The vulnerability exists in the `mdjm_send_comm_email()` function in the communications feature. The upload functionality lacks proper file validation while processing file attachments for email communications. This allows authenticated users with the `mdjm_comms_send` capability (administrators and MDJM admins by default) to upload arbitrary files, including PHP files that can be executed on the server.

### Attack Path Analysis

**Source**: User input from `$_FILES['mdjm_email_upload_file']`
**Sink**: `move_uploaded_file($tmp_path, $file_path)` at [comms-functions.php#L248](https://plugins.trac.wordpress.org/browser/mobile-dj-manager/trunk/includes/admin/communications/comms-functions.php#L248)

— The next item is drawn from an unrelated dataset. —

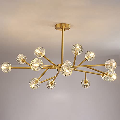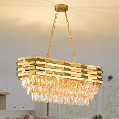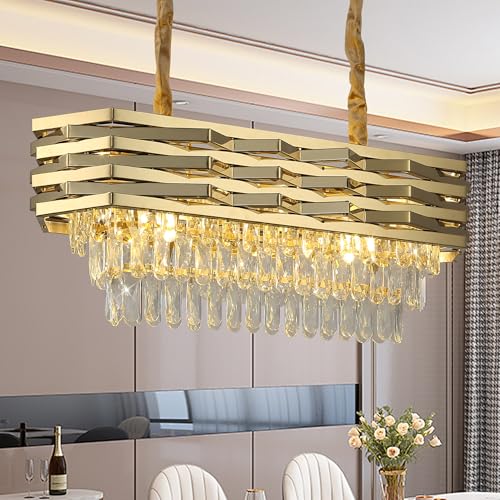 MORATER Modern guld linjär sputnik ljuskrona mitten av århundradet industriell rektangel kristallkrona hänge taklampa fixtur köksö matsal ljuskrona hängande belysning (15 huvuden)

The vulnerability occurs because:

1. **Route Registration**: The communications form is accessible to users with the `send_comms` capability via [comms-functions.php#L24](https://plugins.trac.wordpress.org/browser/mobile-dj-manager/trunk/includes/admin/communications/comms-functions.php#L24).
2. **Capability Check**: The `mdjm_comms_send` capability is granted to users with `manage_mdjm` permission via [class-mdjm-permissions.php#L626](https://plugins.trac.wordpress.org/browser/mobile-dj-manager/trunk/includes/admin/roles/class-mdjm-permissions.php#L626).
3. **Default Role Permissions**: The DJ role ([class-mdjm-roles.php#L97-L104](https://plugins.trac.wordpress.org/browser/mobile-dj-manager/trunk/includes/admin/roles/class-mdjm-roles.php#L97)) does NOT have `mdjm_comms_send` by default - only admins do.
4. **Action Processing**: Form submissions are processed through the `mdjm_process_actions()` function at [admin-actions.php#L26](https://plugins.trac.wordpress.org/browser/mobile-dj-manager/trunk/includes/admin/admin-actions.php#L26).
5. **Handler Invocation**: The action triggers the `mdjm_send_comm_email()` function registered at [comms-functions.php#L300](https://plugins.trac.wordpress.org/browser/mobile-dj-manager/trunk/includes/admin/communications/comms-functions.php#L300).
6. **Nonce Verification**: While CSRF protection exists via nonce verification at [comms-functions.php#L235](https://plugins.trac.wordpress.org/browser/mobile-dj-manager/trunk/includes/admin/communications/comms-functions.php#L235), no file validation follows.
7. **Input Processing**: User-controlled file data from `$_FILES['mdjm_email_upload_file']` is directly processed without validation at [comms-functions.php#L241-L251](https://plugins.trac.wordpress.org/browser/mobile-dj-manager/trunk/includes/admin/communications/comms-functions.php#L241).
8. **File Handling**: Filename is taken directly from user input with no sanitization or extension validation.
9. **File Storage**: Files are saved to WordPress uploads directory (`/wp-content/uploads/YYYY/MM/`) using `move_uploaded_file()` with no security checks.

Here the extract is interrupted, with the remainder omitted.